Long long ago in Pittsburgh far away I earned a Bachelors in Mathematics. I then spent the first twenty years of my career as a “techie”, using that math and Computer Science to analyze and make sense of the world. Every so often that experience is useful here in the real world.
Often that experience leads me to be cynical of the use of statistics in the news, especially when the mathematics are hidden behind the buzzwords of “big data” and “AI”.
One simple example of where this can go wrong are genetic analysis services like 23andMe. I bought my wife and I a pair of kits a few years ago as an Anniversary gift to see how closely related we are. We’re both from a people known to marry from within. Turns out we are very distant cousins.
How distant? That’s where the statistics and AI are breaking down.

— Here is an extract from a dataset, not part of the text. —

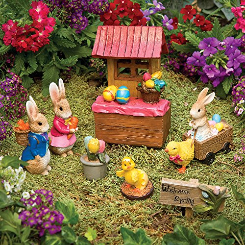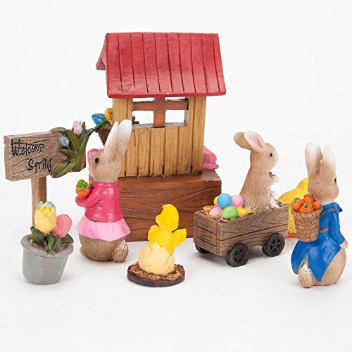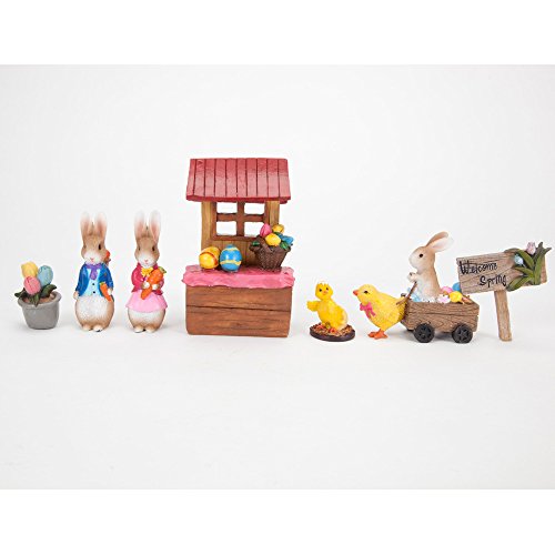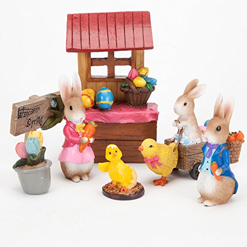 Bits and Pieces - Seven Piece (7) Easter Figurines Set - Holiday Fairy Garden Centerpiece Ornaments Made of Polyresin and Hand Painted

Over the winter break I was looking on 23andMe to see what new cousins had joined in. The service notifies me about this every month or so, but rarely has any relative I recognize joined in. Instead, I’m presented with a lot of 2nd and 3rd cousins I’ve never heard of, who share no family names, often from parts of the world where it’s physically impossible to be my 2nd cousin. My ancestors and close relatives have all been born in the U.S. for too many generations to have 2nd cousins born overseas.
The latest set of connections proved the bug in 23andMe’s statistics and shows how you can’t completely trust what services like this are reporting.
One new “2nd cousin” and I connected today. 23andMe reported that she’s my mother’s 3rd cousin. How can someone be more distantly related to my mother than myself? Simple. 23andMe also reported that this new cousin is also my father’s 5th cousin.
Take any well inbred group and you get a lot of double cousins. Go out to 3rd and 4th cousins, and there are probably some triple cousins in that mix too.
The mathematics 23andMe are using for reporting cousins are ignoring these cases, despite 23andMe having the data to compute these overlaps. Instead, it is clear that 23andMe is assuming their data is uncorrelated except via some ideal, unrealistic, purely hierarchical family tree. It isn’t.